From: Thomas Dickey <address@hidden>
Subject: Re: extended ASCII characters do not show up
Date: Sat, 1 Oct 2005 12:34:19 -0400 (EDT)

<snip>

#2)
I don't understand how line drawing characters (such as AC_VLINE, I
think) work with UTF-8? That is, I don't know what they could
expand to that would work, unless they (macros I assume) expand
to characters between 0 and 0x20 which are not otherwise used.
I've looked in the ncurses faq for UTF-8, but if the answer is there
I overlooked it :(

yes (it did occur to me that I should add this to my faq - on my to-do list).

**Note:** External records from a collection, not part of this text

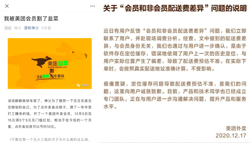 最近,网友“漂移神父”写的一篇《我被美团会员割了韭菜》文章在各大社交圈刷屏,文中记录了他在美团点外卖时发现,同一店铺、同一时间,用两部手机点单,其中开通了美团外卖会员的配送费,竟然比未开通会员的配送费要贵,直指美团“大数据杀熟”的行为。
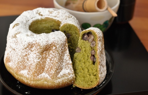 抹茶生地に大納言甘納豆とホワイトチョコレートを巻き込んだ和風クグロフです。クグロフ型をお持ちでしたら、このクグロフもぜひレパートリーに加えてくださいね。
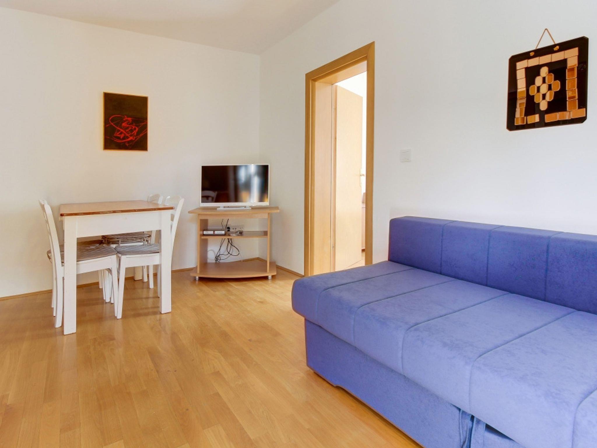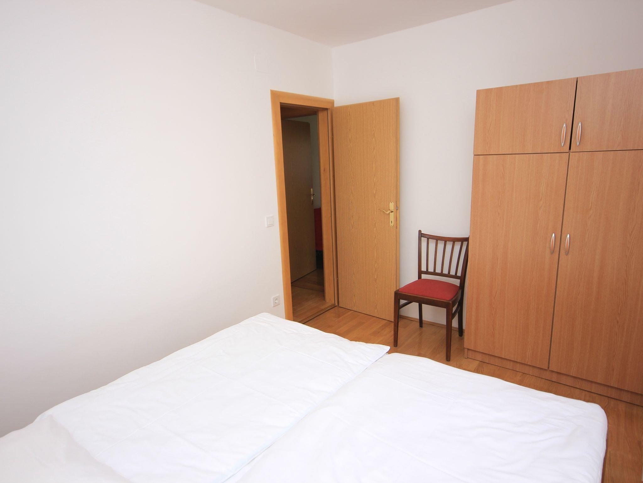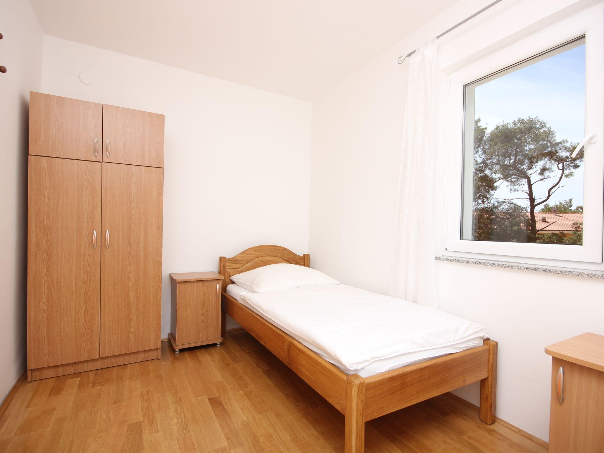 Ferienwohnung bietet Platz für 6 Gäste. Die Betten sind in Schlafzimmern, die es 2 gibt, und in Wohnzimmer, innerhalb einer Gesamtfläche von 38m2, angeordnet. Die Gäste haben eine eigene Terrasse zur Verfügung, auf der sie in warmen Sommernächten genießen können. Es ist erlaubt, Speisen auf dem Gemeinschafts-Grill vorzubereiten. In der Unterkunftseinheit besteht die Möglichkeit des Mitbringens von Haustieren gegen Aufpreis. IM PREIS INBEGRIFFEN: Kurtaxe, Endreinigung, Parkplatz, Internet, Zusatzbett, Bügeleisen, Bügelbrett, Föhn. VERBINDLICHE ZUSÄTZLICHE KOSTEN: Aufzahlung für Kurzaufenthalte (prozentualer Zuschlag pro Nächtigungsanzahl: 30% - 1, 20% - 2, 10% - 3). UNVERBINDLICHE ZUSÄTZLICHE KOSTEN: Klimatisierung (15,00 € pro Nacht), Wäschewaschen (5,00 € Waschen), Haustiere (15,00 € pro Nacht). Die Verfügbarkeit zusätzlicher Dienstleistungen in Ihrem reservierten Termin und die Preise derselben (falls nicht aufgeführt) müssen im Voraus überprüft werden. Zusätzliche Dienstleistungen die in der Zahlungsaufforderung nicht aufgeführt sind werden direkt beim Vermieter bezahlt, angenommen der Gast nutzt auch diese. Ermäßigung auf den Grundpreis: Gratistag 14=13 (bei einem Aufenthalt von 14 Tagen oder mehr erhalten Sie einen Gratistag für den Aufenthalt bis 31.12.26).
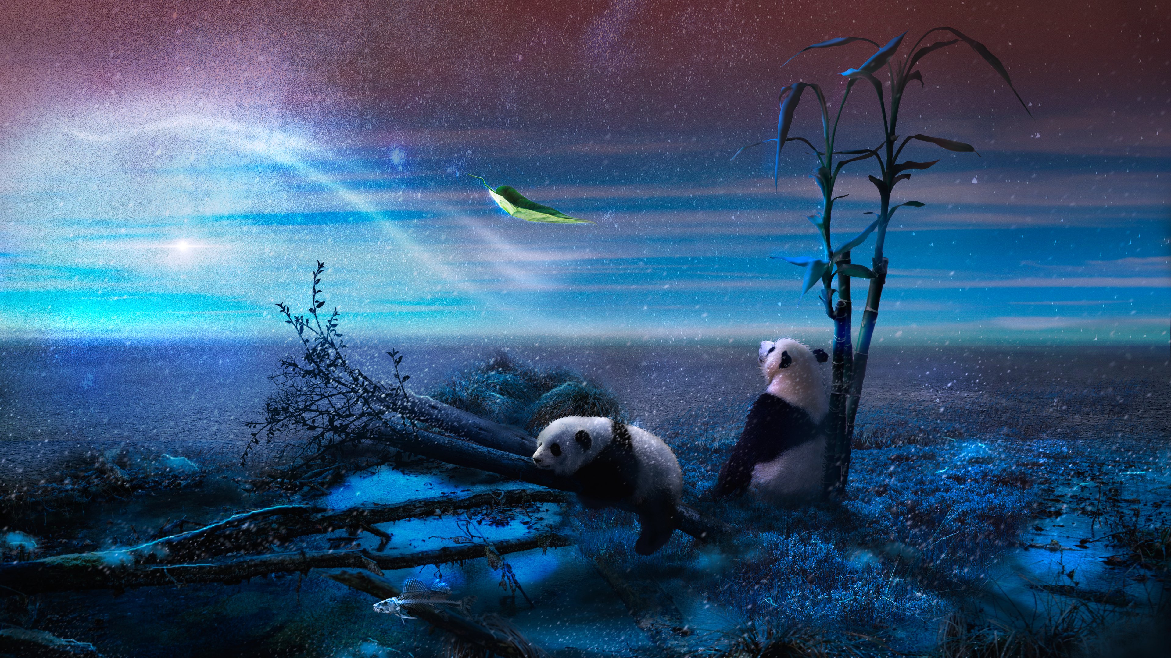Wallpaper: panda, blue, snow - 3840x2160

The ACS_xxx symbols are a character (which corresponds to the vt100 line-drawing), with A_ALTCHARSET added. ncurses keeps track of the A_ALTCHARSET, and when it is time to write the data to the screen, checks to see if the encoding is UTF-8. If so, it checks some special cases (such as Linux console) to see if it should not try to use the terminfo string to transform its internal character to the terminal's equivalent.

Its a little tough to follow looking at ncurses sources, as I think
these .in files will expand after some autotools, but
A_ALTCHARSET probably expands to  NCURSES_BITS(@cf_cv_1UL@,14),
and NCURSES_BITS probably expands via

#define NCURSES_BITS(mask,shift) ((mask) << ((shift) + NCURSES_ATTR_SHIFT))

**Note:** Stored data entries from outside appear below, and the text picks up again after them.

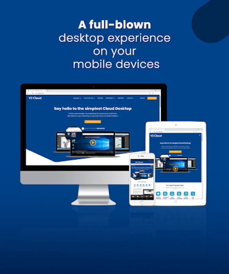 With the V2 Cloud Mobile App, you can keep using your Cloud desktop on your mobile devices. Experience a seamlessly desktop experience on your smartphone or tablet and stay productive on the move.
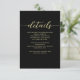 Simple and elegant black and white minimalist wedding guest detail with beautiful calligraphy script, and gold colour typography.
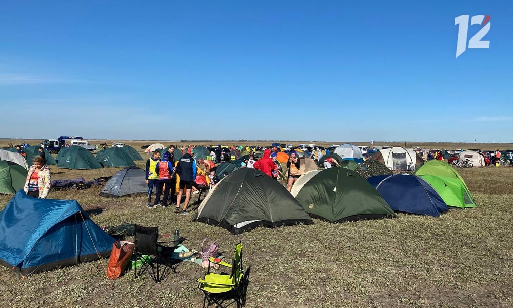 Участники и болельщики образовали целый палаточный городок — многие приехали на Эбейты ещё вчера вечером. Но ночью на лагерь обрушился шквальный ветер, некоторые палатки сорвало с места, улетели вещи. Но это не сказалось на спортивном духе участников.
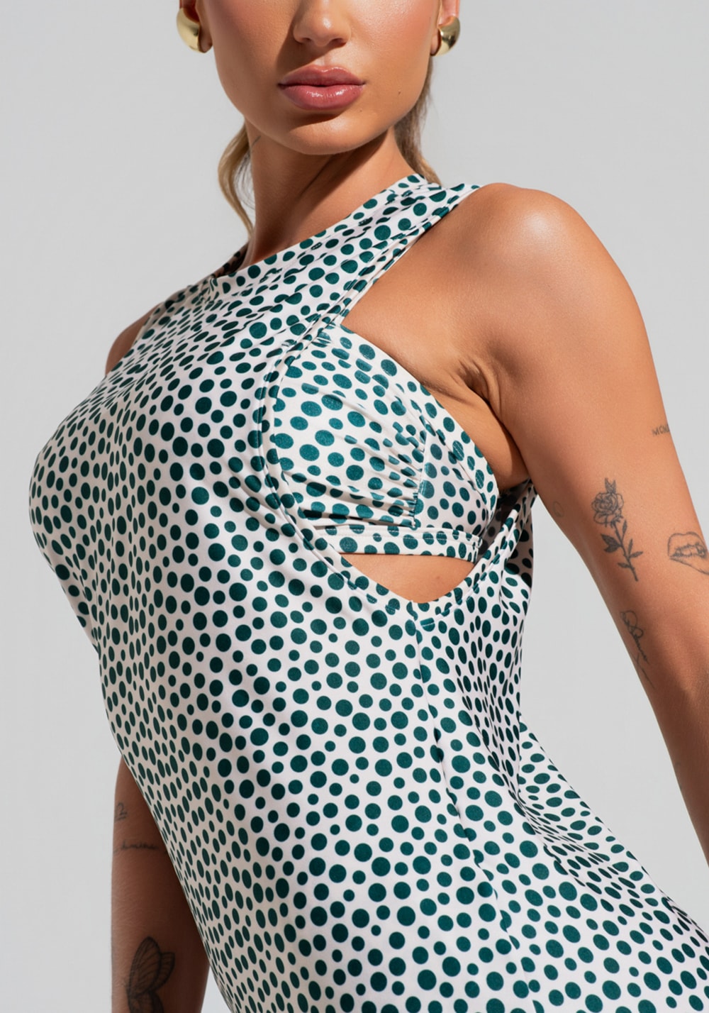Feito em material leve e com secagem rápida, ele possui caimento fluido e comprimento na medida para te acompanhar da areia ao pós-praia. O decote fechado equilibra com as cavas amplas, criando um visual moderno e descomplicado.

so I think A_ALTCHARSET sets at least 14 bits up (and WA_ALTCHARSET
is the same thing as A_ALTCHARSET).

So, my assumption that, eg, ACS_VLINE is a char, was misfounded --
ACS_VLINE is an integer of 14+bits, and A_ALTCHARSET is probably some
high bit set to flag this integer as not being a character in a UTF-8 encoding.

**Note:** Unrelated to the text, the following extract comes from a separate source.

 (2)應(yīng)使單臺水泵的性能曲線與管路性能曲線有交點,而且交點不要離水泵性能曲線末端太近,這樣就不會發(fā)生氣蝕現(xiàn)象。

So, now I understand how you can overload a "char" with information
outside of the UTF-8 range -- its not a char, but an integer -- much like
EOF, which uses a value outside of char range to mean the end of file
flag, I think.

At least, I think I understand it now.





For Linux console in UTF-8 mode, the line-drawing characters are all represented as 3 bytes in UTF-8 encoding. That isn't compatible with the terminfo acsc string (which always does 1 byte mapped to another 1 byte).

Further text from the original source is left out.